→ **Task**: In the entries below, find the line with "多分、この側溝に2枚の鉄板が" and the line with "عرض امبولات كريشنا"; reproduce those two lines and all lines between them exactly, without pictures.
==== Data to process ====
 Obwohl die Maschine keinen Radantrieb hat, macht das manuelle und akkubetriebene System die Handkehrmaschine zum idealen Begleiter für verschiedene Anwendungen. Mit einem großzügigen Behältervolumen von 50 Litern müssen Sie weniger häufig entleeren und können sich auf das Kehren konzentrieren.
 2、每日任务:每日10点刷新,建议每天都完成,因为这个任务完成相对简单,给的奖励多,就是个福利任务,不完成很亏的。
====
==== Data to process ====
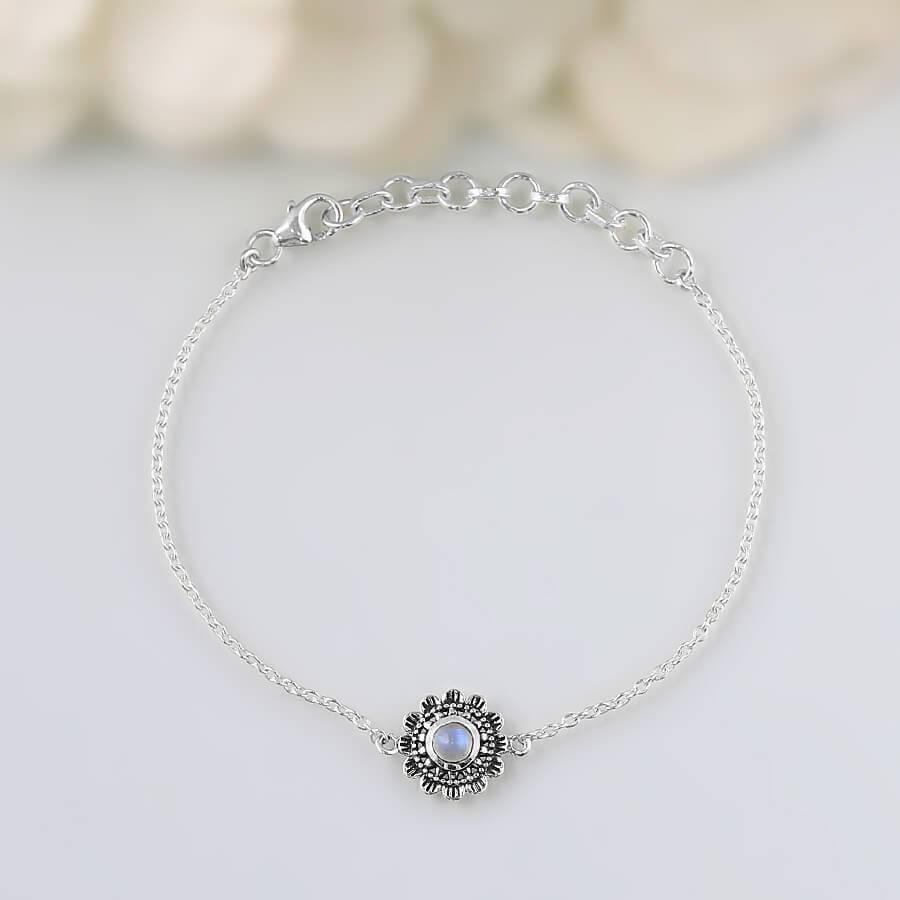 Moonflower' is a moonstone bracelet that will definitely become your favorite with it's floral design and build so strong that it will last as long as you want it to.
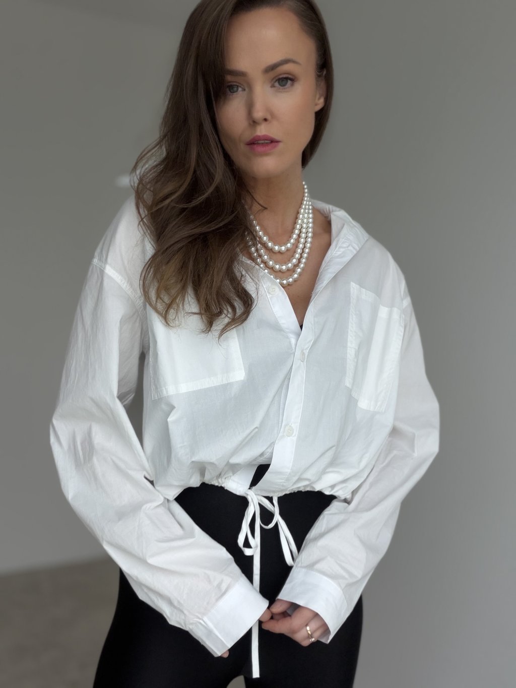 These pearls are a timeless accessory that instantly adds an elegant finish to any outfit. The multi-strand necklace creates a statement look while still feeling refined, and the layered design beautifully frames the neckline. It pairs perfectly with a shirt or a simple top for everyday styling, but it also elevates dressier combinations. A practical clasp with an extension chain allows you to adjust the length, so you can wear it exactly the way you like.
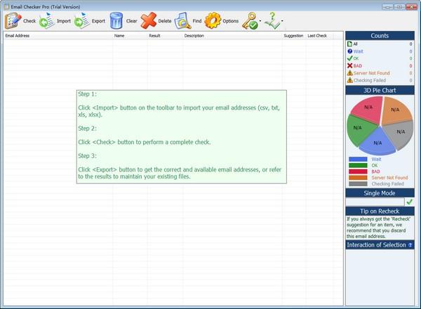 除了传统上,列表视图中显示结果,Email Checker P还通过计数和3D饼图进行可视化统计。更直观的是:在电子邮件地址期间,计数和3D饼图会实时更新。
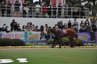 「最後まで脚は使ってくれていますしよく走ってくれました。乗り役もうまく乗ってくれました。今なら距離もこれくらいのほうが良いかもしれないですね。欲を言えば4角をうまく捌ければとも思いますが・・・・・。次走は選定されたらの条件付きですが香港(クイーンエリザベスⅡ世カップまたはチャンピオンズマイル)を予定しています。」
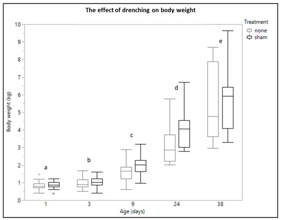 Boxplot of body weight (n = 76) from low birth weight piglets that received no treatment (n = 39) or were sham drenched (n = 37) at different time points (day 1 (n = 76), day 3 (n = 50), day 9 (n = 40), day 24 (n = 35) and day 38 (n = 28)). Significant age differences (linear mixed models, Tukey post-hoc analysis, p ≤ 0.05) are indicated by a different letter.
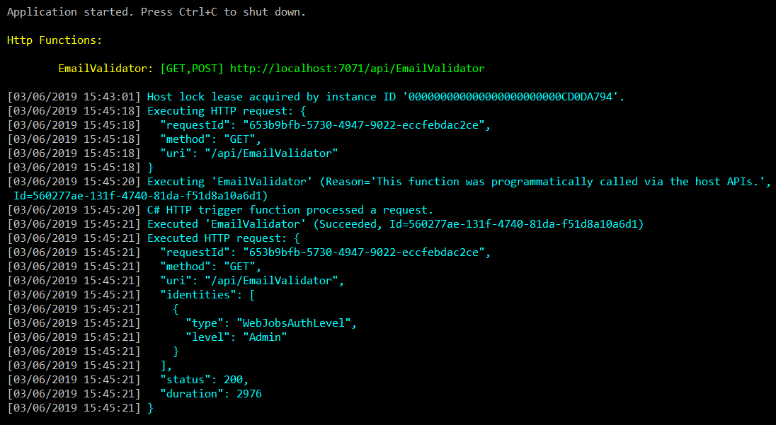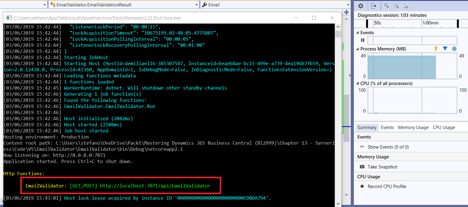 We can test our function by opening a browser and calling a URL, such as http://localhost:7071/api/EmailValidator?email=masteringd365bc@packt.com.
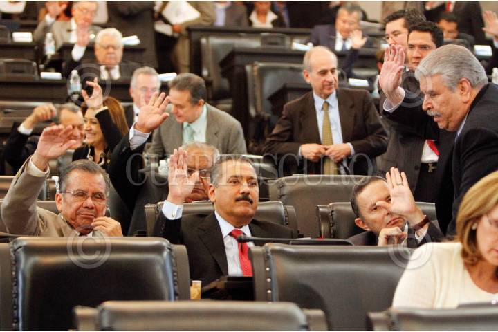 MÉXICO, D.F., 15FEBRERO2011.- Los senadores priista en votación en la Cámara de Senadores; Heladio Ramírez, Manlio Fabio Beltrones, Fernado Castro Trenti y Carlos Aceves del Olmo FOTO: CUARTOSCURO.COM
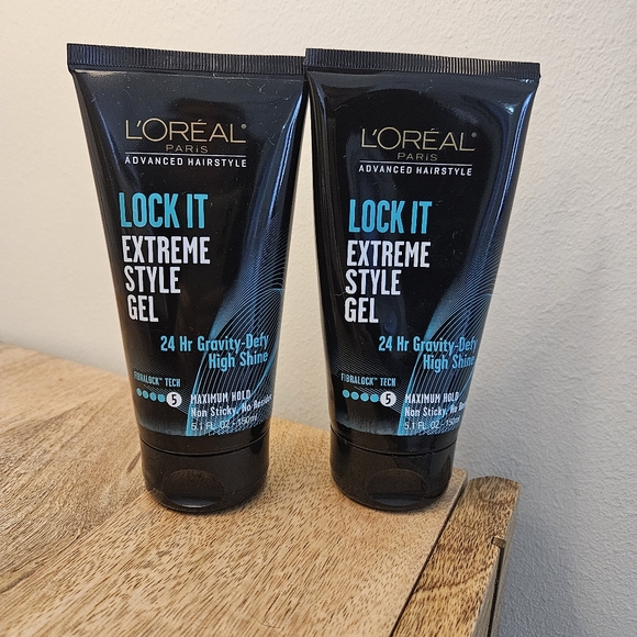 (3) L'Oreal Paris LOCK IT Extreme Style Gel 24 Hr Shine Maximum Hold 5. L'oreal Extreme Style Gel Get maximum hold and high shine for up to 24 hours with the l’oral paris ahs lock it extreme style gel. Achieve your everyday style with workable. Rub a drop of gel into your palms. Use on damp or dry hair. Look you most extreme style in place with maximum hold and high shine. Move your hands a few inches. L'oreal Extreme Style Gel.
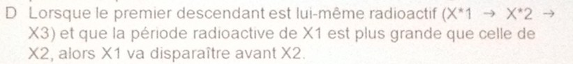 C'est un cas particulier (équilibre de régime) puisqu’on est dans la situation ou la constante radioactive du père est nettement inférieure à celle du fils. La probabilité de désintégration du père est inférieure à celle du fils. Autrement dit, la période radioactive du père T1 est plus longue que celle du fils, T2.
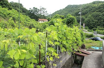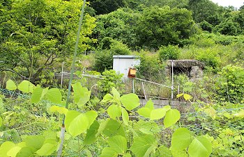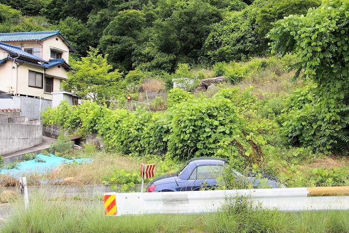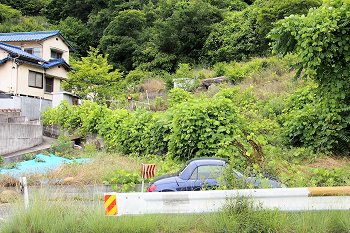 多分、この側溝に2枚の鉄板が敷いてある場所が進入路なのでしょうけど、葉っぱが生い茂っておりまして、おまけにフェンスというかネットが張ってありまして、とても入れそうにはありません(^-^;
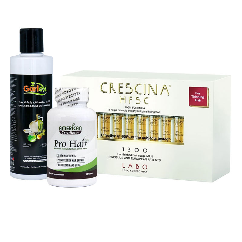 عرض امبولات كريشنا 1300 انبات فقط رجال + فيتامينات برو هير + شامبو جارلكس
====
→ **Solution for this problem**:
 多分、この側溝に2枚の鉄板が敷いてある場所が進入路なのでしょうけど、葉っぱが生い茂っておりまして、おまけにフェンスというかネットが張ってありまして、とても入れそうにはありません(^-^;
 عرض امبولات كريشنا 1300 انبات فقط رجال + فيتامينات برو هير + شامبو جارلكس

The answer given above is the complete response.